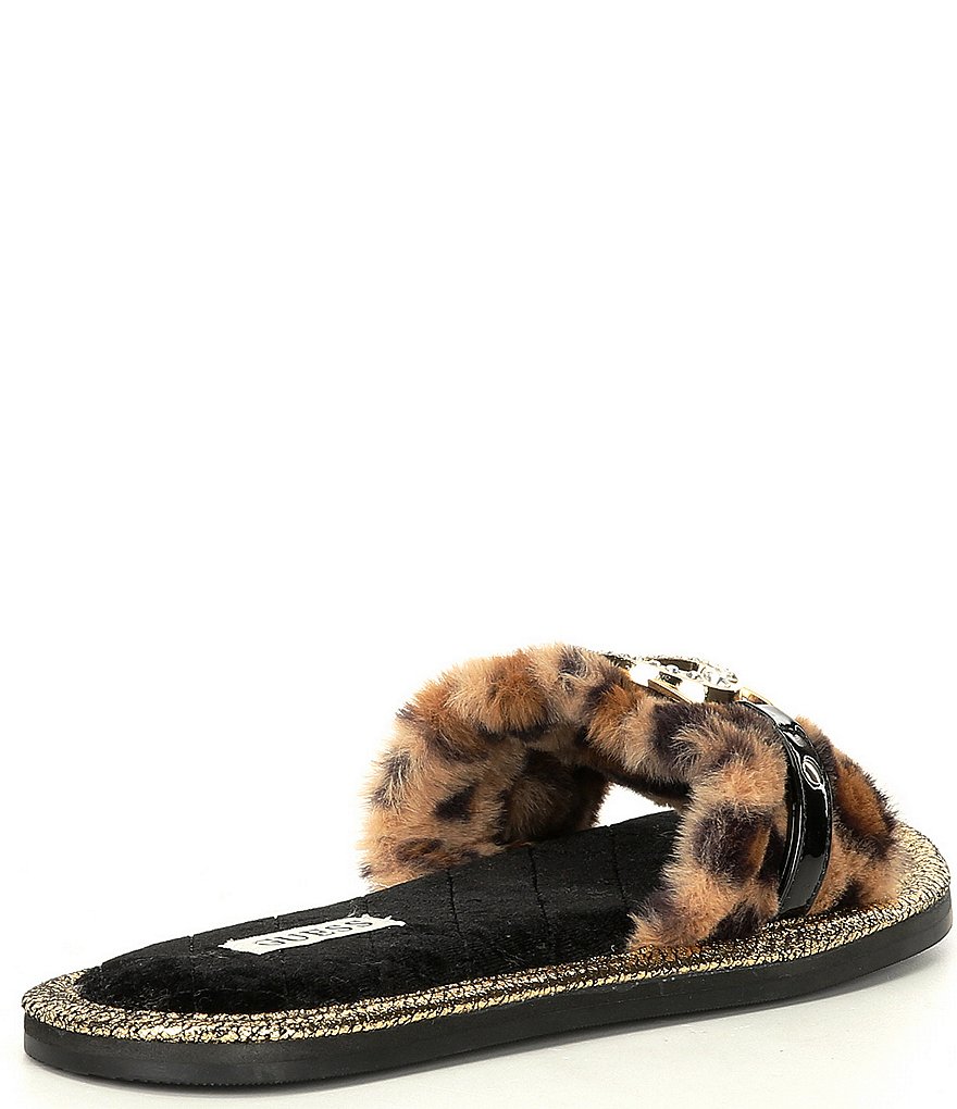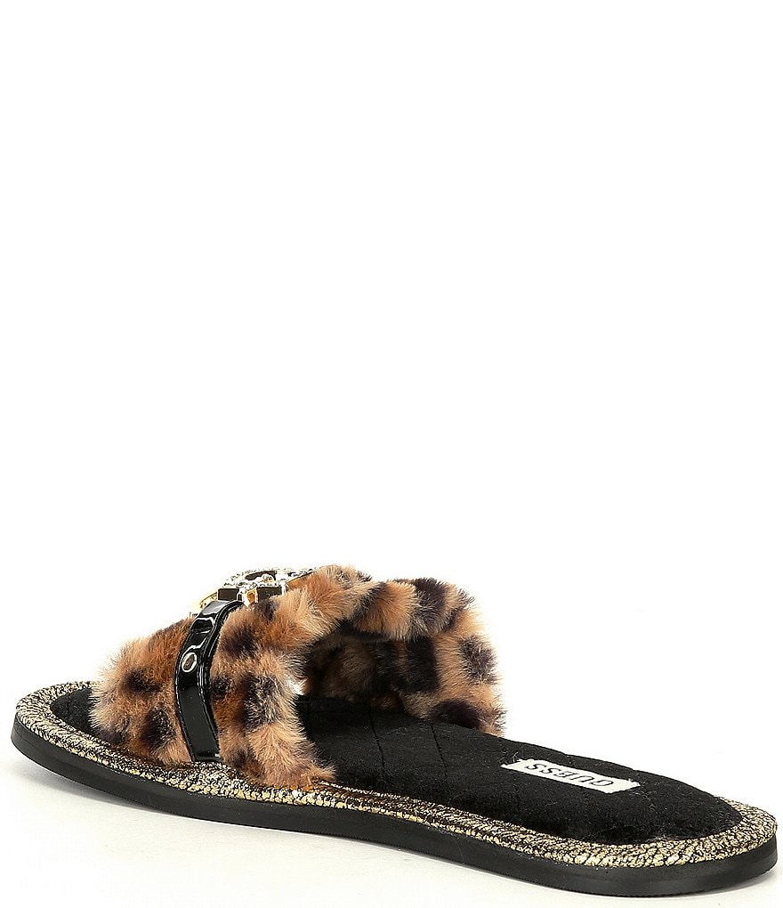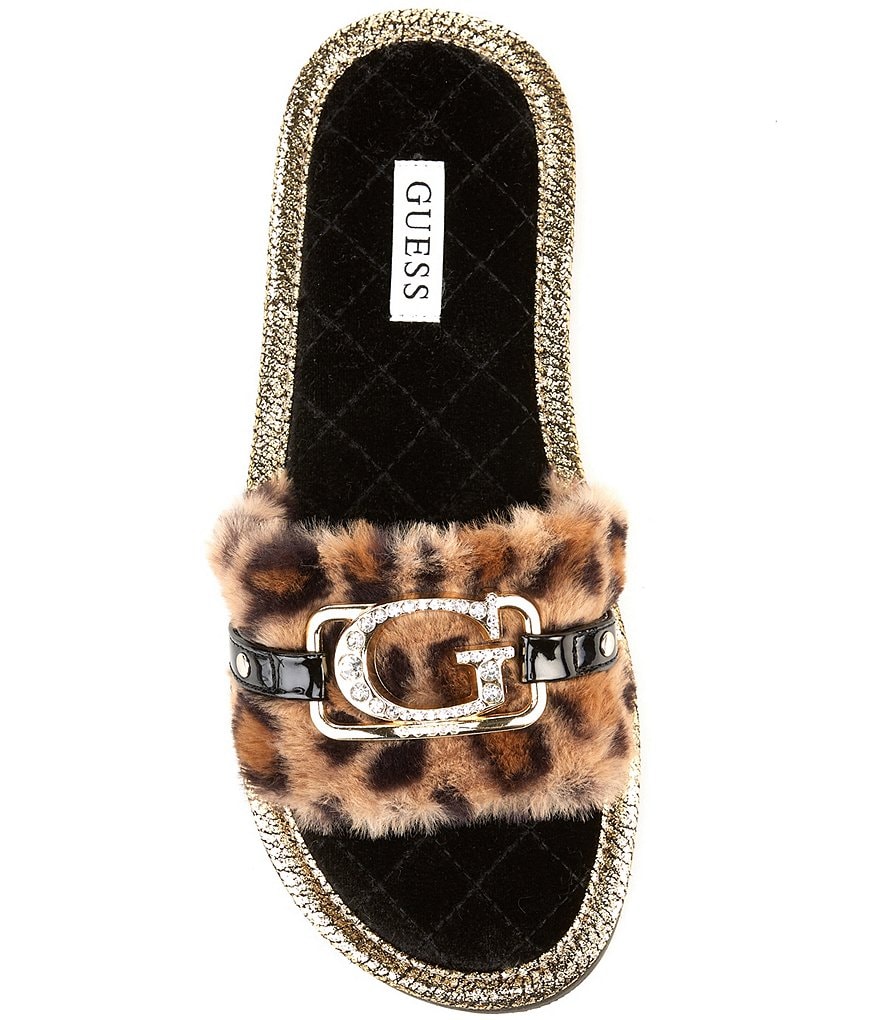 From Guess, the Sannah Leopard Print Faux Fur Slides feature:
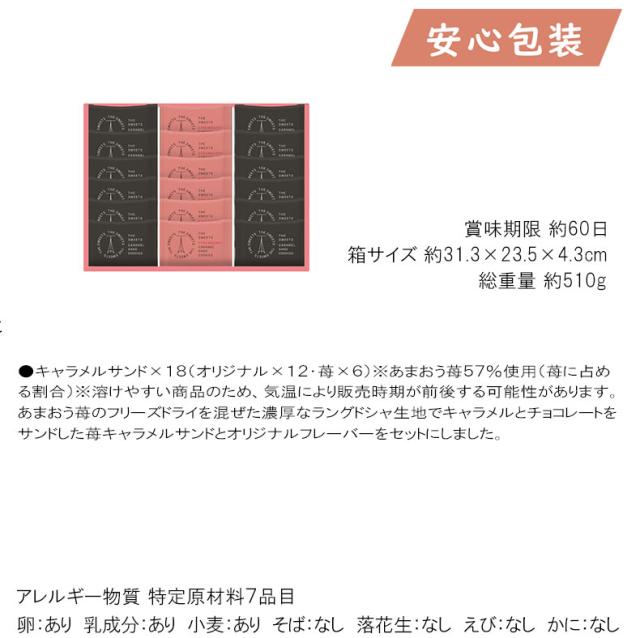』 ●キャラメルサンド×18(オリジナル×12・苺×6)※あまおう苺57%使用(苺に占める割合)※溶けやすい商品のため、気温により販売時期が前後する可能性があります。 あまおう苺のフリーズドライを混ぜた濃厚なラングドシャ生地でキャラメルとチョコレートをサンドした苺キャラメルサンドとオリジナルフレーバーをセットにしました。 箱サイズ 約31.3×23.5×4.3cm 総重量 約510g 賞味期限 約60日 アレルギー物質 特定原材料7品目 卵:あり 乳成分:あり 小麦:あり そば:なし 落花生:なし えび:なし かに:なし ■さまざまなギフトアイテムをご用意しております。 お気軽にお問い合わせください。 内祝 内祝い お祝い返し ウェディングギフト ブライダルギフト 引き出物 引出物 結婚引き出物 結婚引出物 結婚内祝い 出産内祝い 命名内祝い 入園内祝い 入学内祝い 卒園内祝い 卒業内祝い 就職内祝い 新築内祝い 引越し内祝い 快気内祝い 開店内祝い 二次会 披露宴 お祝い 御祝 結婚式 結婚祝い 出産祝い 初節句 七五三 入園祝い 入学祝い 卒園祝い 卒業祝い 成人式 就職祝い 昇進祝い 新築祝い 上棟祝い 引っ越し祝い 引越し祝い 開店祝い 退職祝い 快気祝い 全快祝い 初老祝い 還暦祝い 古稀祝い 喜寿祝い 傘寿祝い 米寿祝い 卒寿祝い 白寿祝い 長寿祝い 金婚式 銀婚式 ダイヤモンド婚式 結婚記念日 ギフト ギフトセット セット 詰め合わせ 贈答品 お返し お礼 御礼 ごあいさつ ご挨拶 御挨拶 プレゼント お見舞い お見舞御礼 お餞別 引越し 引越しご挨拶 記念日 誕生日 父の日 母の日 敬老の日 記念品 卒業記念品 定年退職記念品 ゴルフコンペ コンペ景品 景品 賞品 粗品 お香典返し 香典返し 志 満中陰志 弔事 会葬御礼 法要 法要引き出物 法要引出物 法事 法事引き出物 法事引出物 忌明け 四十九日 七七日忌明け志 一周忌 三回忌 回忌法要 偲び草 粗供養 初盆 供物 お供え お中元 御中元 お歳暮 御歳暮 お年賀 御年賀 残暑見舞い 年始挨拶 話題 のし無料 メッセージカード無料 ラッピング無料 手提げ袋無料 大量注文
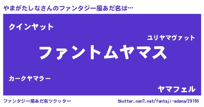 | 男性向けラノベタイトル風あだ名 | 『やまがたしなの嫁は女の子じゃないと思った?』 |

---*---

(WORK ITEM) No picture belongs in the copy; return the rest of the listing exactly.

(ANSWER TO THIS PROBLEM)
 From Guess, the Sannah Leopard Print Faux Fur Slides feature:
』 ●キャラメルサンド×18(オリジナル×12・苺×6)※あまおう苺57%使用(苺に占める割合)※溶けやすい商品のため、気温により販売時期が前後する可能性があります。 あまおう苺のフリーズドライを混ぜた濃厚なラングドシャ生地でキャラメルとチョコレートをサンドした苺キャラメルサンドとオリジナルフレーバーをセットにしました。 箱サイズ 約31.3×23.5×4.3cm 総重量 約510g 賞味期限 約60日 アレルギー物質 特定原材料7品目 卵:あり 乳成分:あり 小麦:あり そば:なし 落花生:なし えび:なし かに:なし ■さまざまなギフトアイテムをご用意しております。 お気軽にお問い合わせください。 内祝 内祝い お祝い返し ウェディングギフト ブライダルギフト 引き出物 引出物 結婚引き出物 結婚引出物 結婚内祝い 出産内祝い 命名内祝い 入園内祝い 入学内祝い 卒園内祝い 卒業内祝い 就職内祝い 新築内祝い 引越し内祝い 快気内祝い 開店内祝い 二次会 披露宴 お祝い 御祝 結婚式 結婚祝い 出産祝い 初節句 七五三 入園祝い 入学祝い 卒園祝い 卒業祝い 成人式 就職祝い 昇進祝い 新築祝い 上棟祝い 引っ越し祝い 引越し祝い 開店祝い 退職祝い 快気祝い 全快祝い 初老祝い 還暦祝い 古稀祝い 喜寿祝い 傘寿祝い 米寿祝い 卒寿祝い 白寿祝い 長寿祝い 金婚式 銀婚式 ダイヤモンド婚式 結婚記念日 ギフト ギフトセット セット 詰め合わせ 贈答品 お返し お礼 御礼 ごあいさつ ご挨拶 御挨拶 プレゼント お見舞い お見舞御礼 お餞別 引越し 引越しご挨拶 記念日 誕生日 父の日 母の日 敬老の日 記念品 卒業記念品 定年退職記念品 ゴルフコンペ コンペ景品 景品 賞品 粗品 お香典返し 香典返し 志 満中陰志 弔事 会葬御礼 法要 法要引き出物 法要引出物 法事 法事引き出物 法事引出物 忌明け 四十九日 七七日忌明け志 一周忌 三回忌 回忌法要 偲び草 粗供養 初盆 供物 お供え お中元 御中元 お歳暮 御歳暮 お年賀 御年賀 残暑見舞い 年始挨拶 話題 のし無料 メッセージカード無料 ラッピング無料 手提げ袋無料 大量注文
 | 男性向けラノベタイトル風あだ名 | 『やまがたしなの嫁は女の子じゃないと思った?』 |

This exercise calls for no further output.